(Excerpts from a dataset)
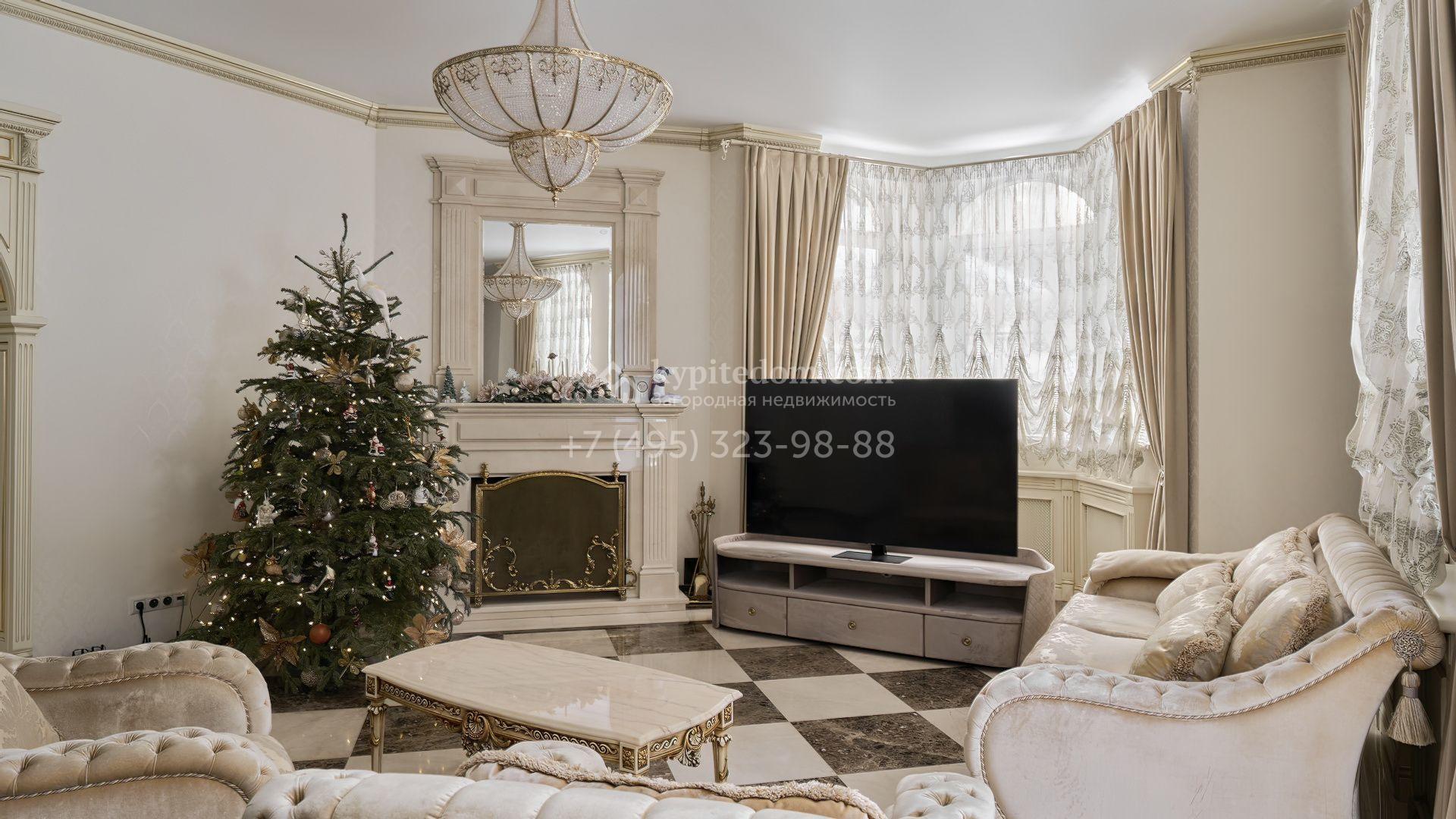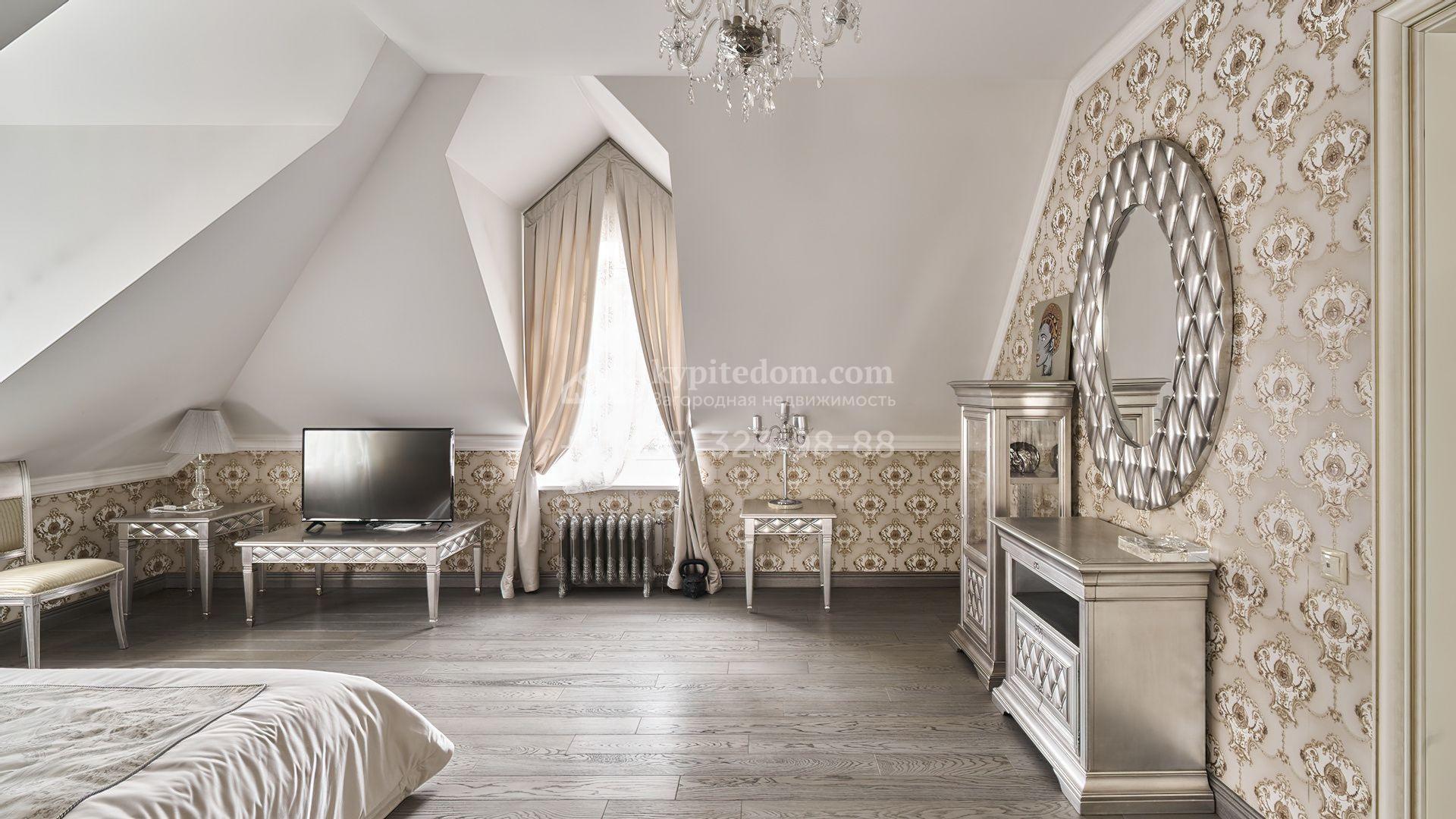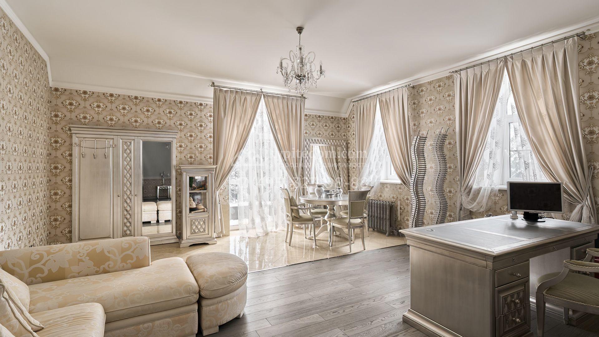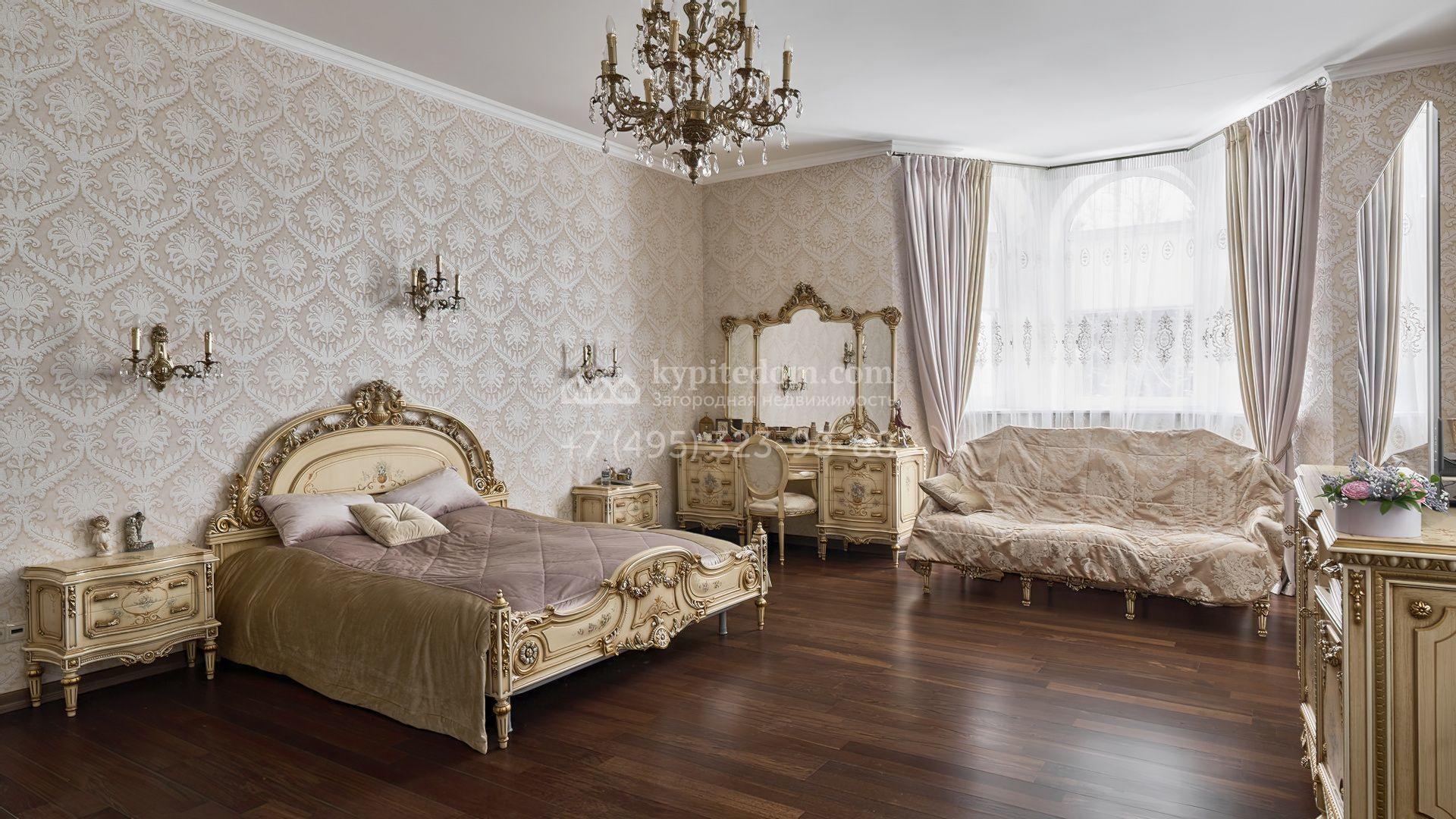 Внутреннее оформление выполнено с авторским подходом и выдержано в общей стилистике с домом. Для отделки использованы высококачественные и натуральные материалы — на полу выложены паркетная доска и плитка с мраморной фактурой. Потолки и стены украшены декоративными молдингами с позолоченными вставками, а арки и двери поддерживают тот же эстетический стиль.
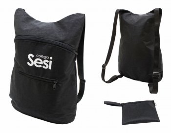 • Descrição: Mochila dobravél em Nylon Amassado, bolso com zíper frontal,
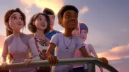 Le groupe se rassemble et, au milieu de la tempête, le carton d'œufs (qui comprenait l'œuf de Tite Bosse) tombe par-dessus bord. Kenji saute par-dessus bord et le groupe court vers un canot de sauvetage. Le capitaine est sur le point de retenir Darius, mais M. Sullivan le convainc de laisser partir le groupe en raison de son aide dans la panne de courant. En utilisant le canot de sauvetage, le groupe parvient à sauver Kenji. Alors que le groupe s'accroupit dans le canot de sauvetage, ils peuvent le voir s'approcher de la terre. Darius donne le numéro de téléphone de Ben Broklynn pour savoir où ils se trouvent.
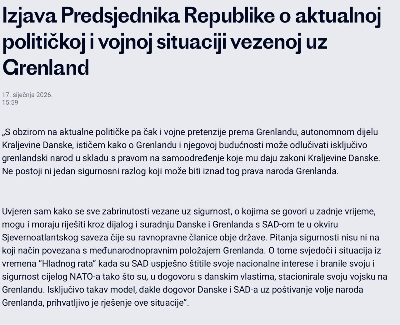 «С учётом нынешних политических, а в отдельных случаях и военных притязаний на Гренландию — автономную территорию Королевства Дания, — подчёркиваю: решения о Гренландии и её будущем может принимать исключительно гренландский народ. Не существует ни одной причины в сфере безопасности, которая могла бы стоять выше этого права народа Гренландии.
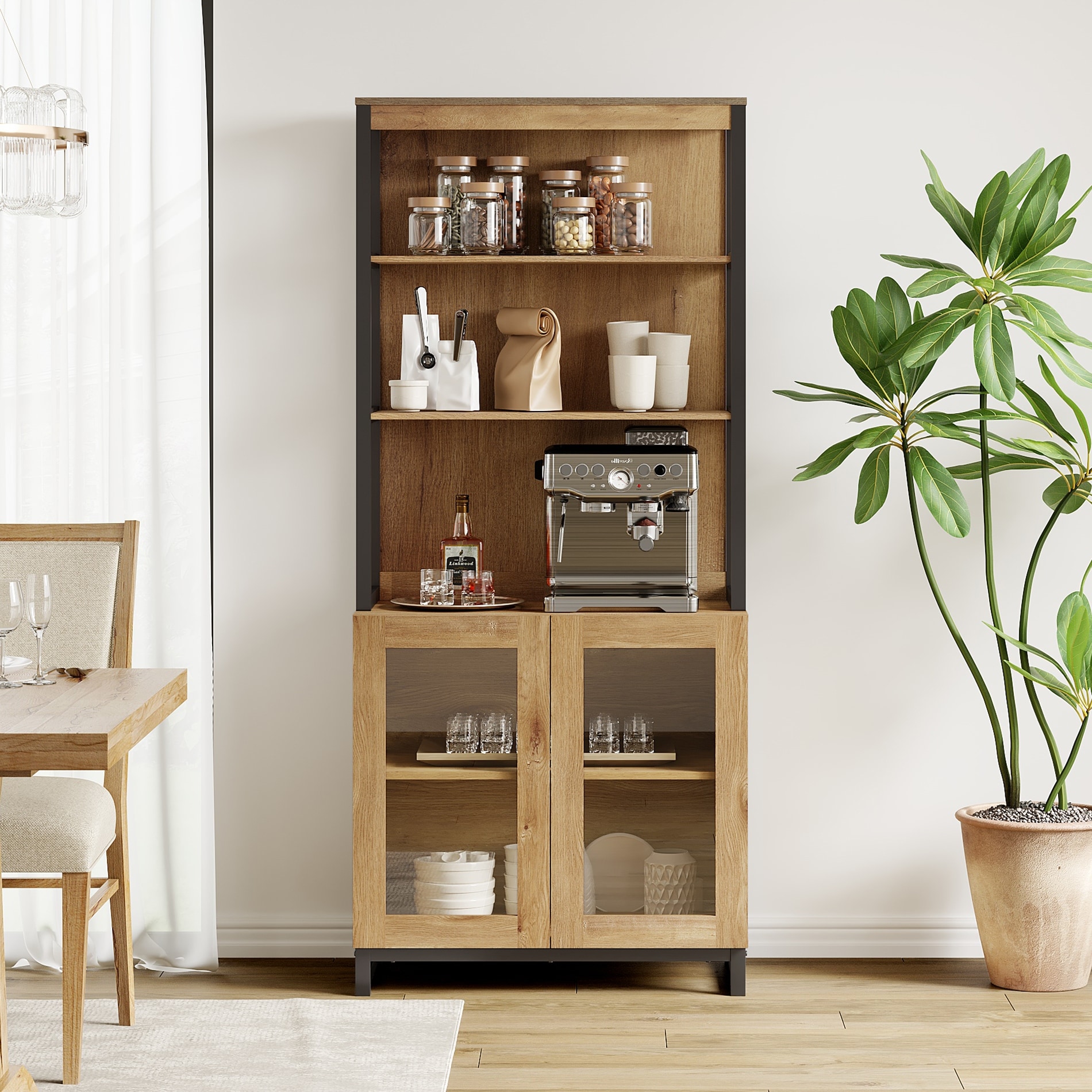 Modern 72" Tall Bookcase with Glass Doors and Adjustable Shelves for Home Office, Living room.
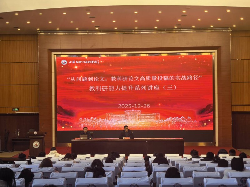 12月26日,我校在报告厅成功举办第三场“教科研能力提升系列讲座”。本次讲座特邀徐州市教科院职成教研室教研员、徐州市首批职教专业带头人李先知担任主讲嘉宾。党委委员、副校长卞波出席活动,教务处工作人员及各二级学院专业教师共同参加。
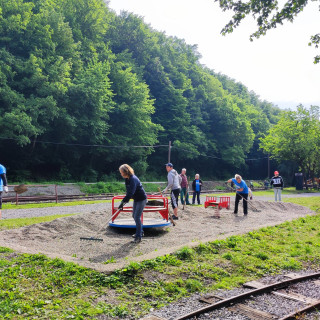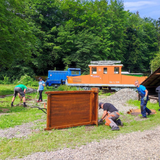 Na Alpinke sa početná skupinka dobrovoľníkov pod vedením Igora Holéczyho a Petra Kočiška s nadšením a odhodlaním urobiť všetko, čo je v pláne, zhostila úpravy areálu. Kosenie okolo drezinového oválu si zobral na starosti Róbert Žihlavník, partia v zložení Róbert Jeník, Roman Fedák, Matúš Bakši osadila nové drevené informačné tabule.
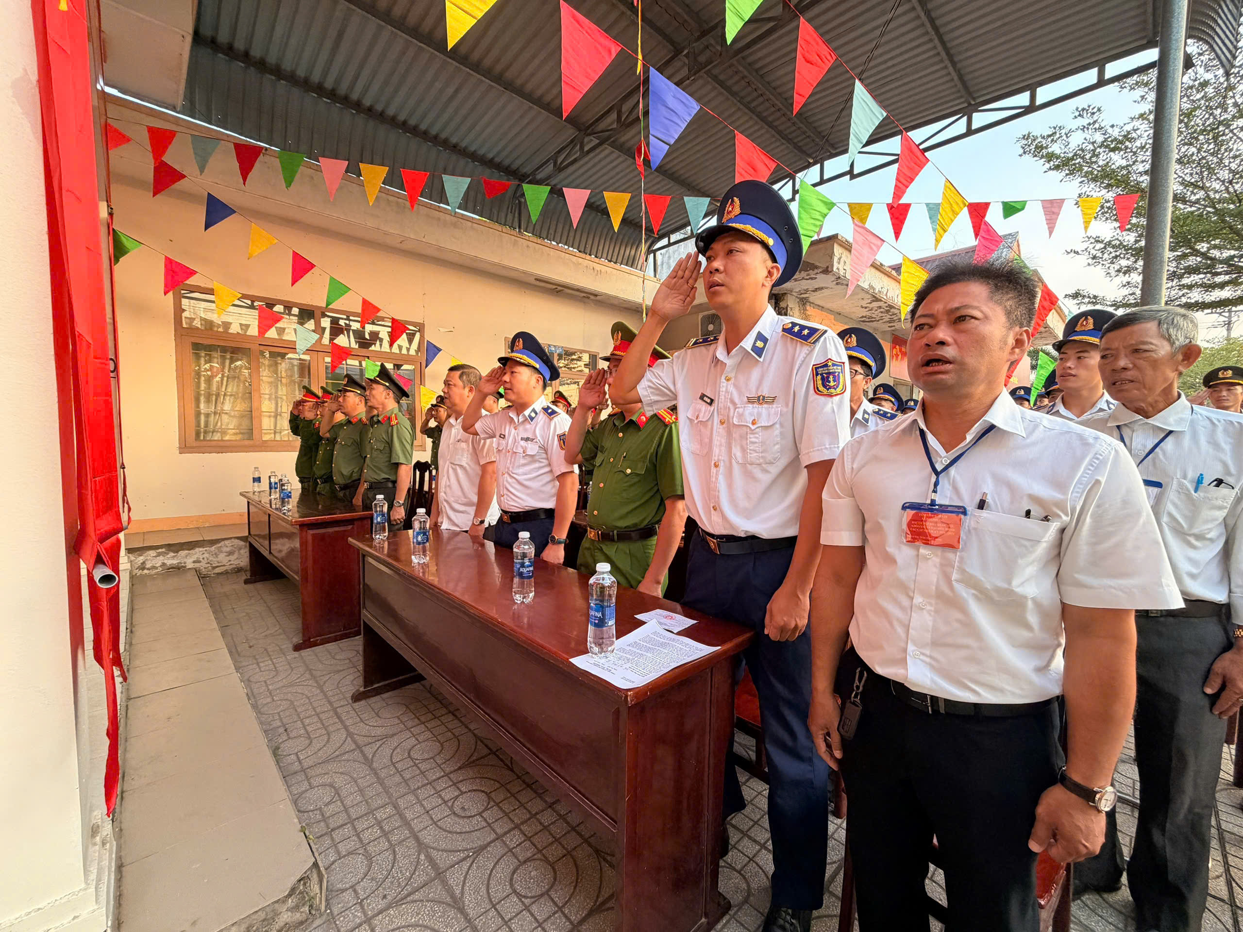 Hình ảnh lực lượng Công an xã dự khai mạc tại khu vực bỏ phiếu số 28, ấp Cát Lái (trong khuôn viên trụ sở Công an xã)

:: TO DO ::
For the data above, set down exactly the lines from the line with "Office, Living room." to the line with "12月26日,我校在报告厅成", both included, leaving pictures out.

:: ANSWER ::
 Modern 72" Tall Bookcase with Glass Doors and Adjustable Shelves for Home Office, Living room.
 12月26日,我校在报告厅成功举办第三场“教科研能力提升系列讲座”。本次讲座特邀徐州市教科院职成教研室教研员、徐州市首批职教专业带头人李先知担任主讲嘉宾。党委委员、副校长卞波出席活动,教务处工作人员及各二级学院专业教师共同参加。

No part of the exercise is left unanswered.